Seated Woman
座婦
by Yasui Sōtarō
- Date:
- 1929
- Medium:
- Oil on canvas
- Source:
- Private collection (Japanese)
Description
Painted in 1929 and reproduced in the standard catalogues of Yasui Sōtarō's work, Seated Woman is one of the immediate antecedents of the great 1930 Portrait of a Woman that won the Imperial Art Academy Prize and confirmed Yasui as the leading portrait painter of late-Taishō and early-Shōwa yōga. The vertical canvas shows a Japanese sitter in a long-sleeved kimono, seated frontally in a high-backed chair, the body composed and the gaze directed slightly aside in the formal mood of the late-1920s commissioned portrait.

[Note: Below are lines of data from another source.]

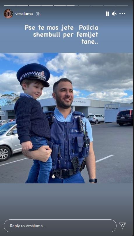Gjithashtu Vesa ka publikuar dhe një foto të së birit me policin e Zelandës së Re, dërsa kërkon që polica të jetë shembull për brezat e të ardhmes.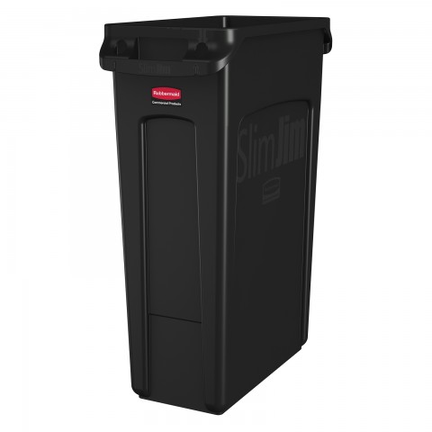 Slim Jim® Container, 23 gallon, 22"W x 11"D x 30"H, with venting channels, molded-in handles, general purpose waste, open type without lid, high-impact plastic construction, black, Made in USA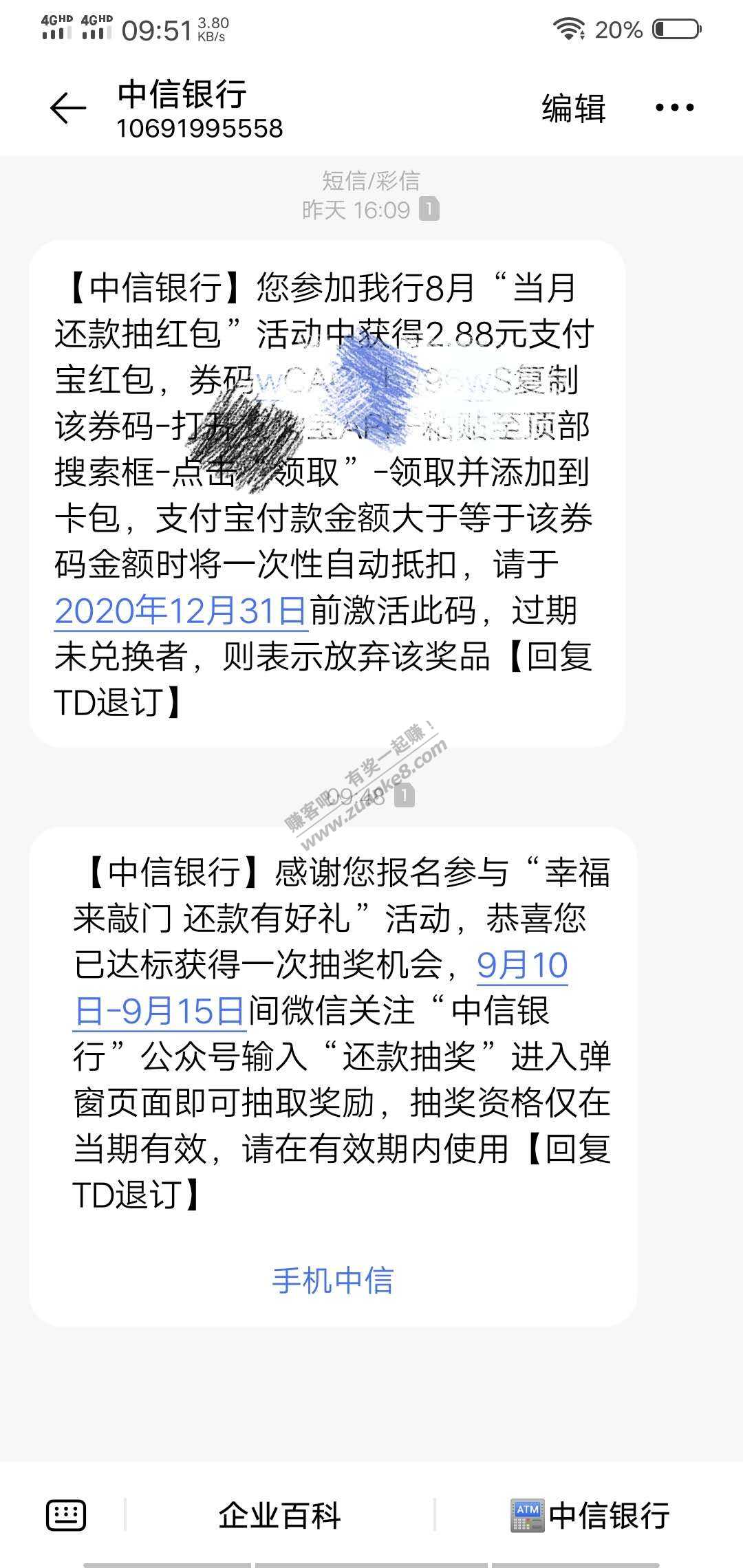 微信关注 中信银行, 输入 还款抽奖 10元话费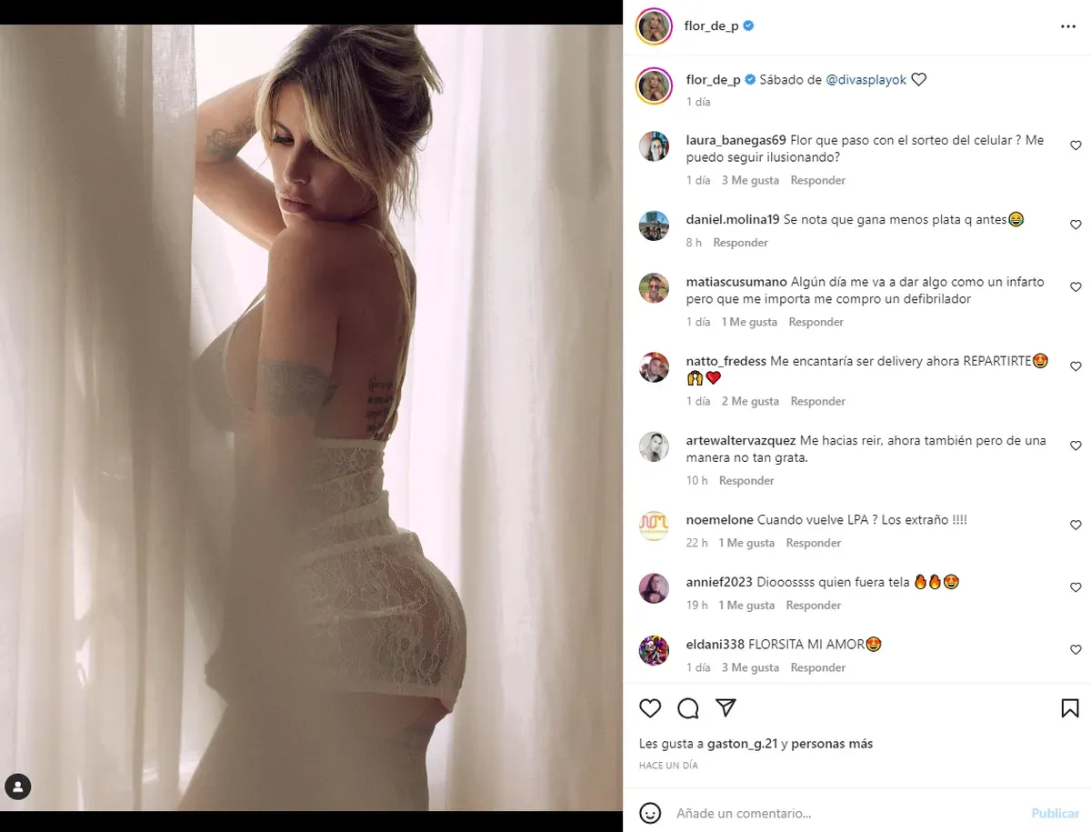 "Sábado de Divas Play", escribió Flor en su último posteo. En la foto se la puede ver con un babydoll de encaje blanco apoyada en una ventana.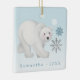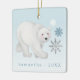 Commemorate you Christmas with this cute blue polar bear and snowflakes personalised ornament. This ornament is fully customisable! You can edit the text and add your own photo by clicking "personalise this template". This personalised purple polar bear ornament features a hand drawn polar bear by OhMyStarling and icy blue, white, and silver snowflakes. It has a place to add your name and the year! There is a background pattern of light icy blue, white, and silver glitter snowflakes. This personalised snowflake ornament is great for your newborn baby, baby's first Christmas, and for kids!

The drawing is firm and contoured in the manner Yasui had developed from Cézanne, the modelling reduced to broad constructive planes of dulled green, slate and the warm flesh tones that he had perfected in his Paris years, and the chair, the kimono and the sitter's hands have been brought into a single tightly composed pyramidal mass. The painting documents the moment at which the Paris-trained Cézannist of 1914 began to consolidate the distinctive Yasui-shiki shōzō (Yasui-type portrait) of the 1930s — the type to which the great Portrait of a Woman, Portrait of Tamamushi Sensei and Portrait of Chin-Jung all belong.